The Content-Security-Policymeta-tag allows you to reduce the risk of XSSattacks by allowing you to define where resources can be loaded from, preventing browsers from loading data from any other locations. This makes it harder for an attacker to inject malicious code into your site.

该Content-Security-Policy元标记可以让你减少风险XSS允许你定义在资源可以被加载，从而防止数据加载浏览器从任何其它位置的攻击。这使得攻击者更难将恶意代码注入您的站点。

I banged my head against a brick wall trying to figure out why I was getting CSP errors one after another, and there didn't seem to be any concise, clear instructions on just how does it work. So here's my attempt at explaining somepoints of CSP briefly, mostly concentrating on the things I found hard to solve.

我用头撞了一堵砖墙，试图弄清楚为什么我一个接一个地收到 CSP 错误，但似乎没有任何关于它是如何工作的简洁明了的说明。所以这里是我尝试简要解释CSP 的一些要点，主要集中在我发现难以解决的问题上。

For brevity I won't write the full tag in each sample. Instead I'll only show the contentproperty, so a sample that says content="default-src 'self'"means this:

为简洁起见，我不会在每个示例中写下完整的标签。相反，我将只显示该content属性，因此示例说明content="default-src 'self'"如下：

<meta http-equiv="Content-Security-Policy" content="default-src 'self'">

1. How to allow multiple sources?

1.如何允许多个来源？

You can simply list your sources after a directive as a space separated list:

您可以简单地在指令后将您的源作为空格分隔的列表列出：

content="default-src 'self' https://example.com/js/"

Note that there are no quotes around parameters other than the specialones, like 'self'. Also, there's no colon (:) after the directive. Just the directive, then a space-separated list of parameters.

请注意，除了特殊参数（如'self'. 此外，:指令后没有冒号 ( )。只是指令，然后是空格分隔的参数列表。

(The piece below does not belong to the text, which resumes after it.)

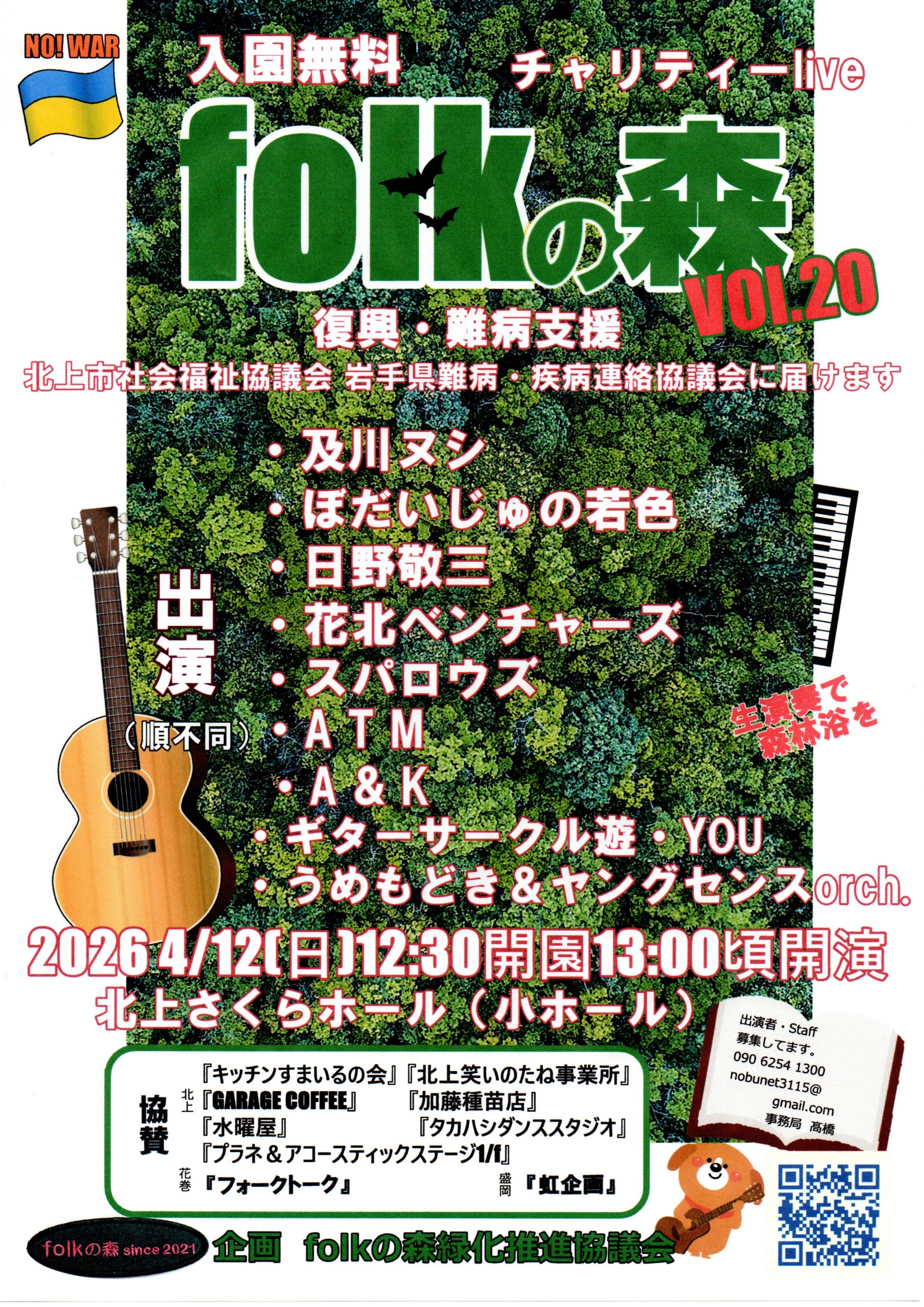 acoustic チャリティーlive folkの森 Vol.20開園12:30 開演13:00全席自由入園無料(入園券等不要)090-6254-1300 folkの森緑化推進協議会(髙橋) -

Everything below the specified parameters is implicitly allowed. That means that in the example above these would be valid sources:

隐式允许低于指定参数的所有内容。这意味着在上面的示例中，这些将是有效的来源：

https://example.com/js/file.js
https://example.com/js/subdir/anotherfile.js

These, however, would not be valid:

但是，这些是无效的：

http://example.com/js/file.js
^^^^ wrong protocol

https://example.com/file.js
                   ^^ above the specified path

2. How to use different directives, what do they each do?

2. 如何使用不同的指令，它们分别是做什么的？

The most common directives are:

最常见的指令是：

• default-srcthe default policy for loading javascript, images, CSS, fonts, AJAX requests, etc
• script-srcdefines valid sources for javascript files
• style-srcdefines valid sources for css files
• img-srcdefines valid sources for images
• connect-srcdefines valid targets for to XMLHttpRequest (AJAX), WebSockets or EventSource. If a connection attempt is made to a host that's not allowed here, the browser will emulate a 400error

• default-src加载 javascript、图像、CSS、字体、AJAX 请求等的默认策略
• script-src定义 javascript 文件的有效来源
• style-src定义 css 文件的有效来源
• img-src定义图像的有效来源
• connect-src为 XMLHttpRequest (AJAX)、WebSockets 或 EventSource 定义有效目标。如果对此处不允许的主机进行连接尝试，浏览器将模拟400错误

There are others, but these are the ones you're most likely to need.

还有其他的，但这些是您最有可能需要的。

3. How to use multiple directives?

3. 如何使用多个指令？

You define all your directives inside one meta-tag by terminating them with a semicolon (;):

您可以在一个元标记中定义所有指令，方法是用分号 ( ;)终止它们：

content="default-src 'self' https://example.com/js/; style-src 'self'"

4. How to handle ports?

4.如何处理端口？

Everything but the default ports needs to be allowed explicitly by adding the port number or an asterisk after the allowed domain:

除了默认端口之外的所有内容都需要通过在允许的域后添加端口号或星号来明确允许：

content="default-src 'self' https://ajax.googleapis.com http://example.com:123/free/stuff/"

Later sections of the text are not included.